As the Washington Office on Latin America’s Central America Monitor, which tracks U.S. relations in Central America, has tabulated, the U.S. invested $182 million dollars in Honduras, with violence prevention and good governance listed as the two top investment targets. Curbing international support to a failed state like Honduras is no easy task. Honduras registers one of the lowest levels of human development in the region (second only to Haiti), with scant direct international investment, and almost 70 percent of the population living in poverty. It is also home to one of the most vulnerable natural environments, with the highest rates of natural disasters. On top of it all, it is one of the most violent countries in the world. 

“While major U.S. news organizations have done solid reporting on JOH’s narco ties,” Frank said, “they have almost entirely opted not to use that information to challenge Trump or directly criticize U.S. foreign policy. For example, there is no mention of U.S. support to the Honduran military and police force, despite their clear involvement.” She added, “None of the Democratic presidential candidates have challenged Trump on his policy in Honduras.”

To keep president Hernández cooperating on immigration, Pineda believes that the Trump administration will maintain pressure on him by going after figures from the criminal underworld with paper trails leading back to the president. “The U.S. knows who is who in this country, and if they don’t act, it’s because they’re acting in their own interest, and not in that of the Honduran people. As Hondurans, we should stop believing in the infallibility of the U.S. and focus on the national agenda,” Pineda said.

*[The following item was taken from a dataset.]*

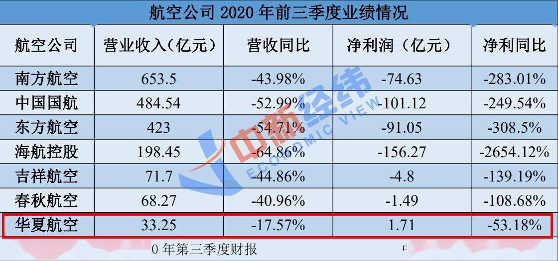 近日,南航、国航、东航、海航、吉祥、春秋、华夏航空相继发布的2020年第三季度报吿显示,前6家前三季度营收近乎腰斩,净利润同比也出现三位数下滑。其中,海航控股前三季度净利润亏损156.27亿元,同比减少2654.12%。而华夏航空实现净利润1.71亿元,成为唯一实现盈利的航司。

Juan Orlando Hernández and Mauricio Oliva concerse during a Day of the Soldier march in Tegucigalpa, October 19, 2019. Photo: Martín Cálix.
Juan Orlando Hernández and Mauricio Oliva concerse during a Day of the Soldier march in Tegucigalpa, October 19, 2019. Photo: Martín Cálix.

For now at least, Trump and Hernández are mostly having their way. In the span of just over a year, Tony Hernández was arrested and many began referring to the country as a “narcostate.” 2020 is only a year before the next elections. Mauricio Oliva, a Hernández loyalist and current president of the National Congress, is the presumed presidential nominee for the National Party. But there is also another troubling possibility: Hernández could try to have his way with the constitution again, seek yet another term, and effectively establish himself as a dictator.